For me, this is especially important in the area of telecommunications.
Perhaps the most significant change in my life has been my ability to use the telephone. Before the ADA and before the introduction of video relay service, my only, very occasional, use of the phone was to use my teletypewriter, or TTY, to call another individual with a TTY. Today, using VRS with a videophone and, more recently, with a mobile application, I can communicate with anyone over the telephone through an interpreter.
All people who are deaf or hard-of-hearing who use American Sign Language can benefit from this service. The deaf person signs to the interpreter, who speaks to the hearing person being called and then signs back to the deaf person what the hearing person says. VRS has created a more level playing field for people who are deaf and hard-of-hearing, significantly increasing opportunities for independence and employment.
Despite the progress and potential of VRS, the future is not promising.
In 2013, the Federal Communications Commission adopted an aggressive schedule for reducing the payments VRS providers receive for handling and interpreting VRS calls. Just partway through the planned cuts, all six VRS providers recently told the FCC that continued rate cuts will threaten VRS by driving more ASL interpreters out of VRS and reducing service quality and support.
Interpreters are at the core of VRS. These highly skilled individuals simultaneously interpret between ASL and English or Spanish, allowing VRS to exist. But the continuing rate cuts force providers to get more interpreting minutes out of every interpreting hour. Because interpreters can earn more in community interpreting, they are leaving VRS. As the more highly skilled interpreters opt out of VRS, the quality of VRS for deaf consumers necessarily declines.
Further, as VRS providers seek to cut costs, innovation and investment in improved VRS are also lagging. For years, deaf consumers have asked the FCC to permit VRS companies to provide specialized interpreters for calls that require specific skills, such as medical or legal calls. Similarly, some deaf consumers would benefit from the increased use of deaf interpreters to bridge communication between them and the VRS interpreter. However, such services add costs.
These issues go to the heart of the ADA’s equal access mandate, which requires that deaf consumers have access to telecommunication services that are “functionally equivalent” to those provided to hearing people. Functionally equivalent service simply can’t happen when the rates are continually reduced.
The six U.S. VRS providers took unprecedented action recently. They proposed the FCC call a timeout on further rate reductions and adopt more stringent requirements on the speed with which calls are answered and initiate trials of skills-based VRS and greater use of deaf interpreters. They also made recommendations to ensure that enhanced service offerings don’t overwork interpreters. Deaf consumer groups and the registry body for interpreters have endorsed this as a sound approach to preserving high quality, functionally equivalent VRS.
As a long time consumer of VRS, I am pleased to see the cooperation among VRS providers, deaf consumer groups and interpreter organizations that produced a unified and broadly supported proposal to the FCC. This level of cooperation is unmatched in the history of VRS — perhaps, in part, due to what they learned from past experience. In 2013, the FCC implemented steep rate cuts to IP Relay, another form of telecommunications relay services for people who are deaf and hard-of-hearing. That service was decimated.

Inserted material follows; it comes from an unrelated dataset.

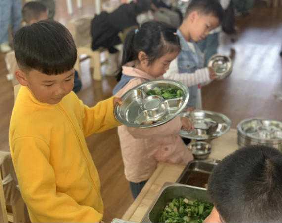 自2014年起,象山县教育局启动幼儿园餐具更换专项行动,更换掉笨重、边缘锋利的金属餐具,改用轻便、安全的轻质餐盘,并同步倡导中班以上的幼儿自我服务,让孩子们自己打饭的自助午餐就是其中一项重要内容。实行自助午餐以来,孩子们抢当“打饭小组长”,打来的饭菜每每“光盘”,也在打饭时学会了照顾同伴。

This cannot happen to VRS.
VRS is far more important to signing deaf consumers and much closer to functionally equivalent than IP Relay. For deaf people like me, VRS is truly one of the great success stories of the Americans with Disabilities Act. I hope it stays that way.
I. King Jordan was the first deaf president of Gallaudet University, serving from 1988 to 2006. President George Bush appointed him to serve as vice chairman of the President’s Committee on Employment of People with Disabilities; he was reappointed to that position by President Bill Clinton. He is a co-founder of the American Association of People with Disabilities.